START Collected material

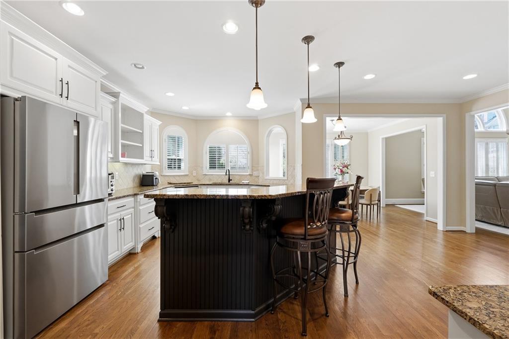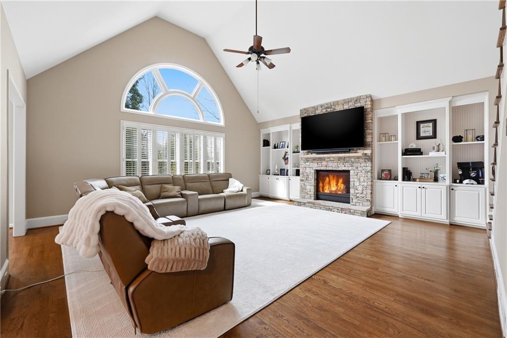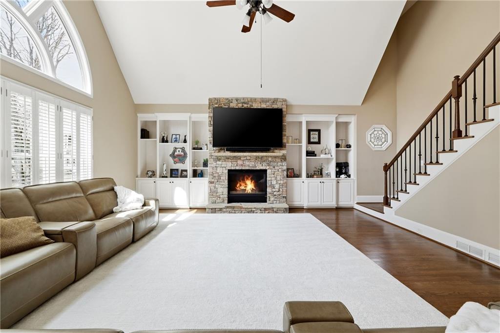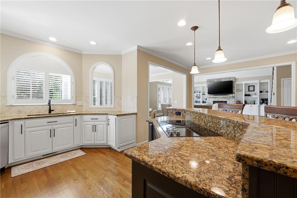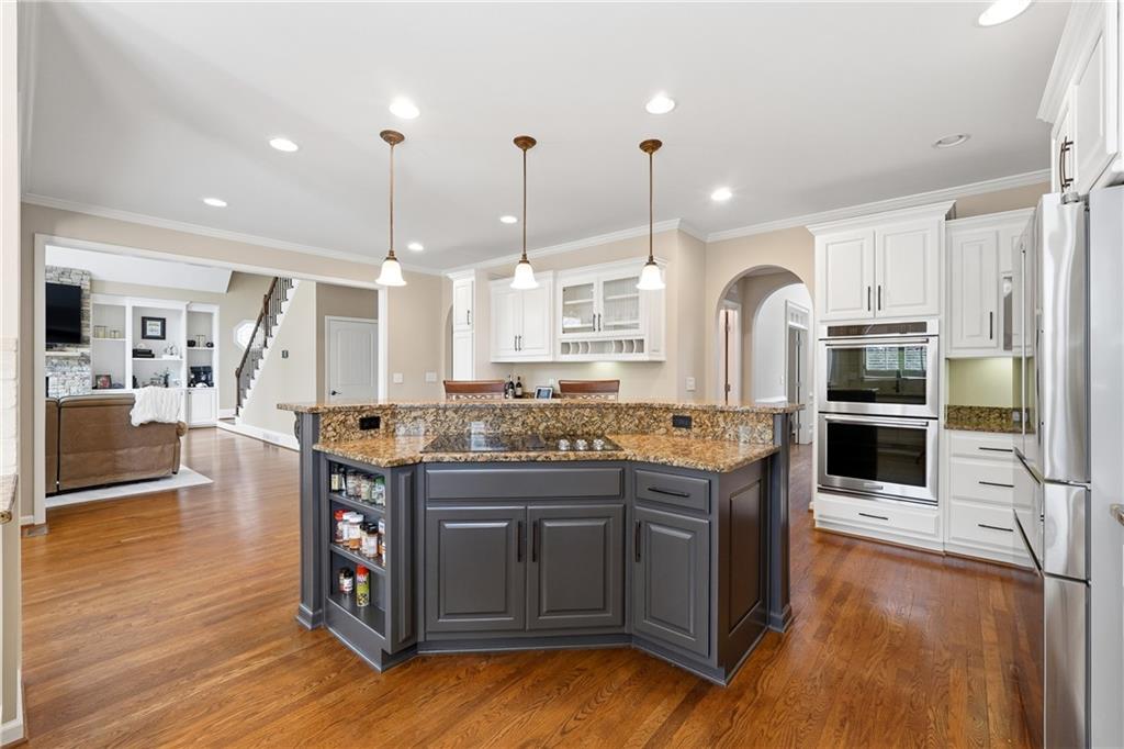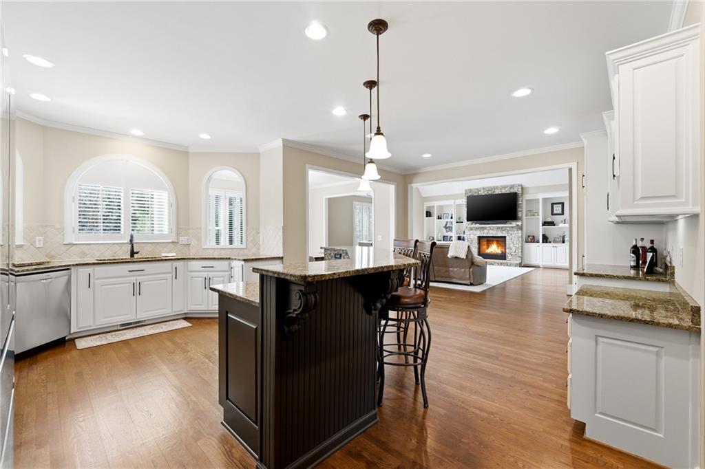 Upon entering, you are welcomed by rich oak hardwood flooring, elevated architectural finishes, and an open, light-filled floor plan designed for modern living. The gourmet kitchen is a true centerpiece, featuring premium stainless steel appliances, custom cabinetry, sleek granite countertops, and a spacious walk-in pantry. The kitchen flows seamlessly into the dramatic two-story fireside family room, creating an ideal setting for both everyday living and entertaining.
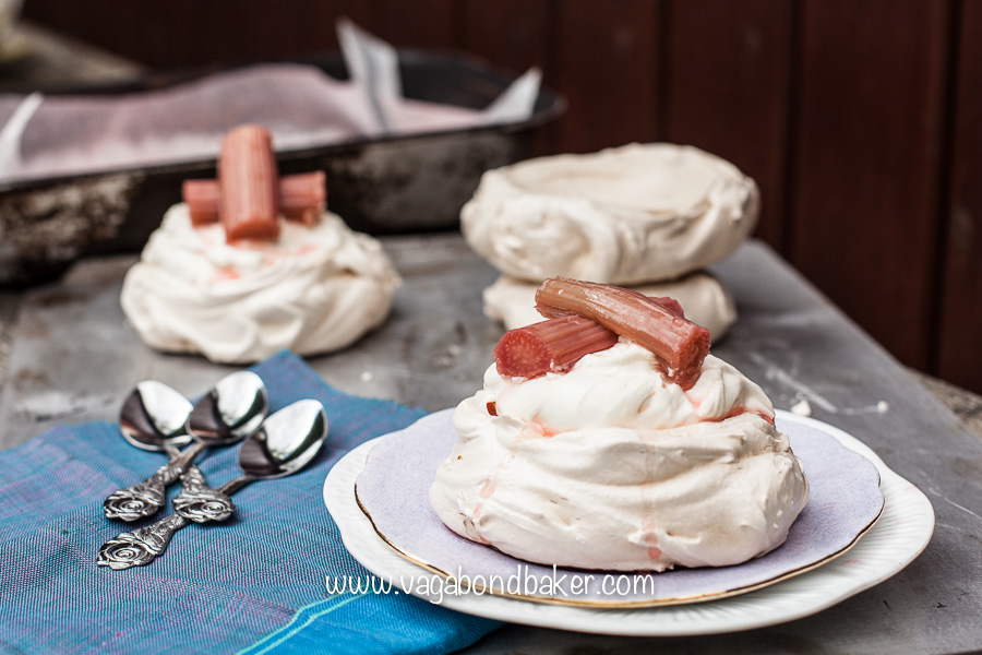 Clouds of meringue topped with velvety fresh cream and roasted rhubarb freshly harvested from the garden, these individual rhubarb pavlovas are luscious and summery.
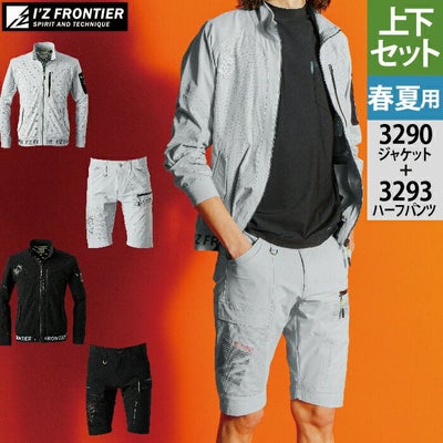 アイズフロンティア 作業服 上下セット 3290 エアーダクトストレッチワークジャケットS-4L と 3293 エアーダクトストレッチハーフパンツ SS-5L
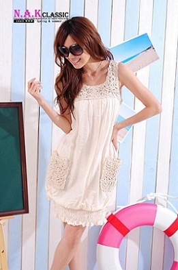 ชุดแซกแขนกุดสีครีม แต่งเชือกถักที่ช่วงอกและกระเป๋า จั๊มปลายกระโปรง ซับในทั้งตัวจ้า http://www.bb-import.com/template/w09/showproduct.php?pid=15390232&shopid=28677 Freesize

END Collected material

> Activity
Working from the line that contains "アイズフロンティア 作業服 上下セット" to the last line of the listing, please quote each line exactly, pictures excluded.

> Exercise answer
 アイズフロンティア 作業服 上下セット 3290 エアーダクトストレッチワークジャケットS-4L と 3293 エアーダクトストレッチハーフパンツ SS-5L
 ชุดแซกแขนกุดสีครีม แต่งเชือกถักที่ช่วงอกและกระเป๋า จั๊มปลายกระโปรง ซับในทั้งตัวจ้า http://www.bb-import.com/template/w09/showproduct.php?pid=15390232&shopid=28677 Freesize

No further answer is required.